* _Assigned task_: Except for the pictures, retype the records that follow exactly.

(Records from a dataset)
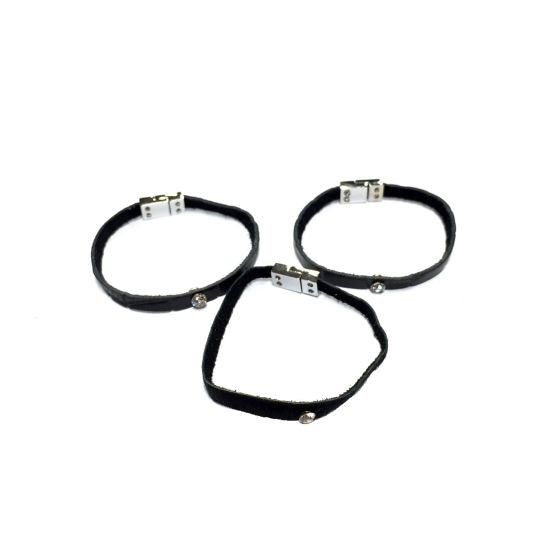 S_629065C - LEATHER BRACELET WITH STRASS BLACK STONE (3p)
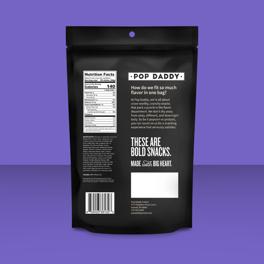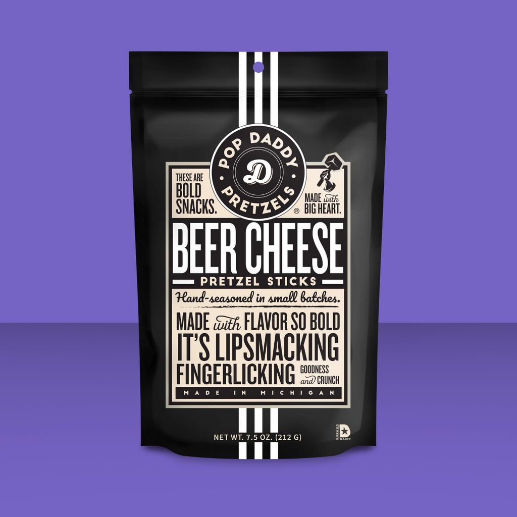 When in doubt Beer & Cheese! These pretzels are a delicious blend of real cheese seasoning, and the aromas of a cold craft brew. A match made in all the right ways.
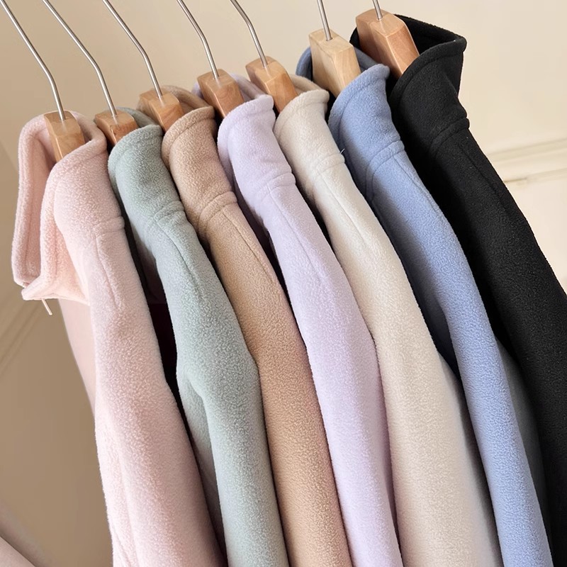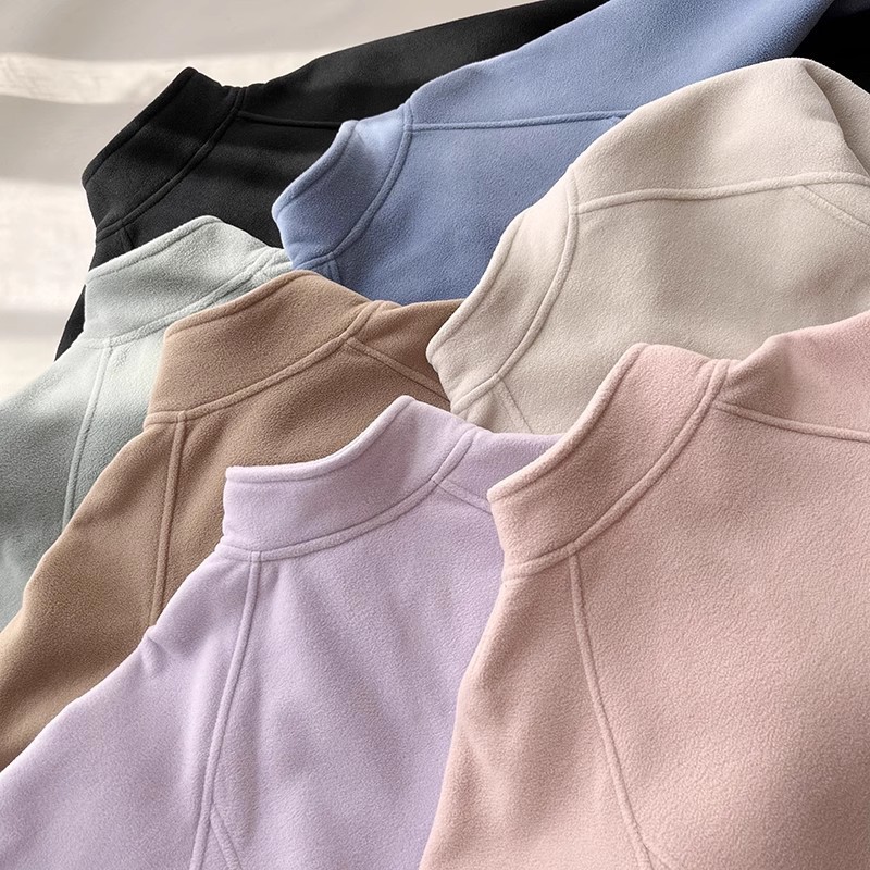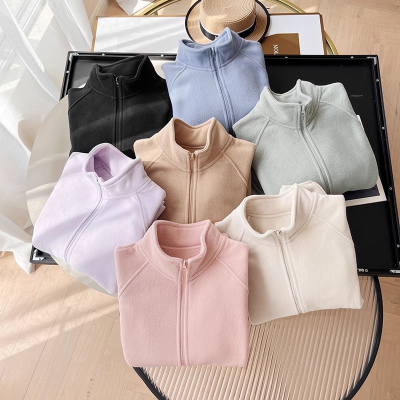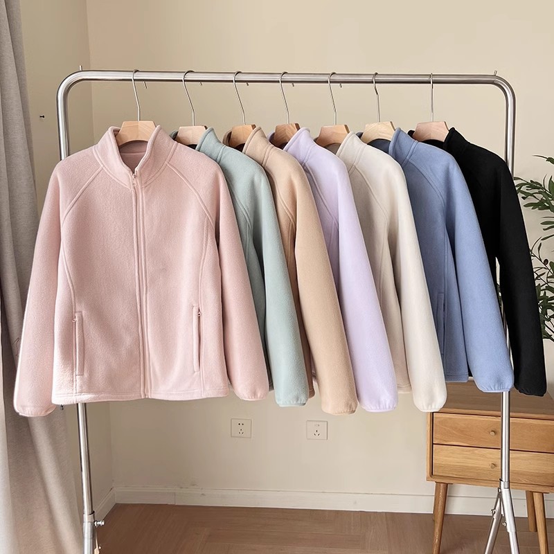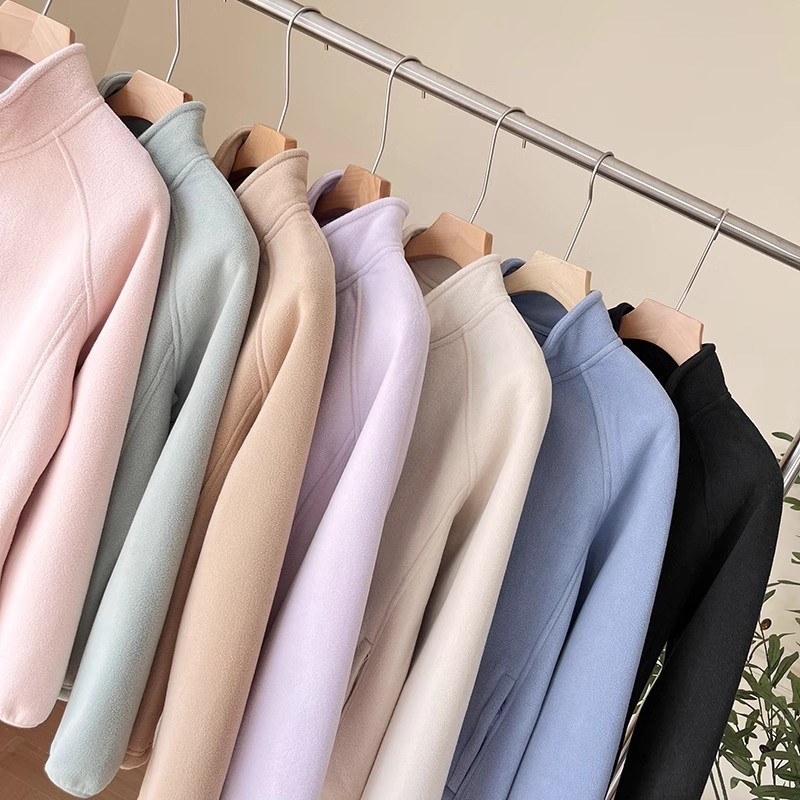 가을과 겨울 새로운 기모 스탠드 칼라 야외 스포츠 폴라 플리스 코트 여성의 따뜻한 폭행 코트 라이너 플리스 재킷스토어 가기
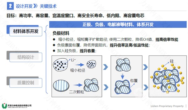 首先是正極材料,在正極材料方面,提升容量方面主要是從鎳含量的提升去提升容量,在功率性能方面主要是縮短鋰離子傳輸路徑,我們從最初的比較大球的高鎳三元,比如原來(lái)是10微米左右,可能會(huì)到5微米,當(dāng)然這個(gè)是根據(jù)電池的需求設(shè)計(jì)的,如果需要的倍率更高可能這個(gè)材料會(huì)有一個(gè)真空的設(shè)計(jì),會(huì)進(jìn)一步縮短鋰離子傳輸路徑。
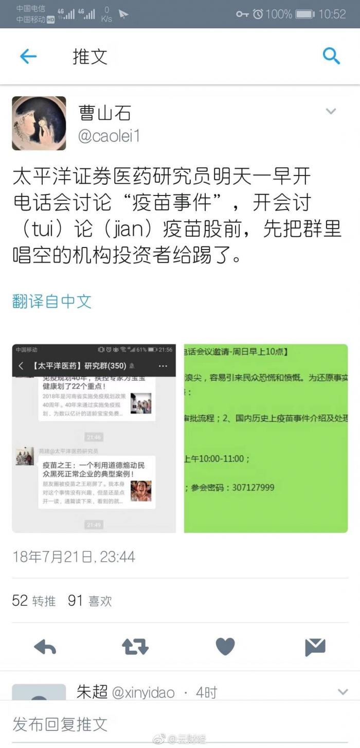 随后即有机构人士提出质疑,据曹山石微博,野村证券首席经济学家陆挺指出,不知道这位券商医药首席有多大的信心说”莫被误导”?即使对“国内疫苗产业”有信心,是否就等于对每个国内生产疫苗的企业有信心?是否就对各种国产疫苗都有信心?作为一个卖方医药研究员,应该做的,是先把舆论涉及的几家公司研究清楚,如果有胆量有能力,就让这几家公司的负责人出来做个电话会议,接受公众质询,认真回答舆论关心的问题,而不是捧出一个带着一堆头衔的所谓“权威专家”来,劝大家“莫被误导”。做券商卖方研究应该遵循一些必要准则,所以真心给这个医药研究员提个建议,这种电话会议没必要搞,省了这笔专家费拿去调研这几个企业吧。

* _Result_:
 S_629065C - LEATHER BRACELET WITH STRASS BLACK STONE (3p)
 When in doubt Beer & Cheese! These pretzels are a delicious blend of real cheese seasoning, and the aromas of a cold craft brew. A match made in all the right ways.
 가을과 겨울 새로운 기모 스탠드 칼라 야외 스포츠 폴라 플리스 코트 여성의 따뜻한 폭행 코트 라이너 플리스 재킷스토어 가기
 首先是正極材料,在正極材料方面,提升容量方面主要是從鎳含量的提升去提升容量,在功率性能方面主要是縮短鋰離子傳輸路徑,我們從最初的比較大球的高鎳三元,比如原來(lái)是10微米左右,可能會(huì)到5微米,當(dāng)然這個(gè)是根據(jù)電池的需求設(shè)計(jì)的,如果需要的倍率更高可能這個(gè)材料會(huì)有一個(gè)真空的設(shè)計(jì),會(huì)進(jìn)一步縮短鋰離子傳輸路徑。
 随后即有机构人士提出质疑,据曹山石微博,野村证券首席经济学家陆挺指出,不知道这位券商医药首席有多大的信心说”莫被误导”?即使对“国内疫苗产业”有信心,是否就等于对每个国内生产疫苗的企业有信心?是否就对各种国产疫苗都有信心?作为一个卖方医药研究员,应该做的,是先把舆论涉及的几家公司研究清楚,如果有胆量有能力,就让这几家公司的负责人出来做个电话会议,接受公众质询,认真回答舆论关心的问题,而不是捧出一个带着一堆头衔的所谓“权威专家”来,劝大家“莫被误导”。做券商卖方研究应该遵循一些必要准则,所以真心给这个医药研究员提个建议,这种电话会议没必要搞,省了这笔专家费拿去调研这几个企业吧。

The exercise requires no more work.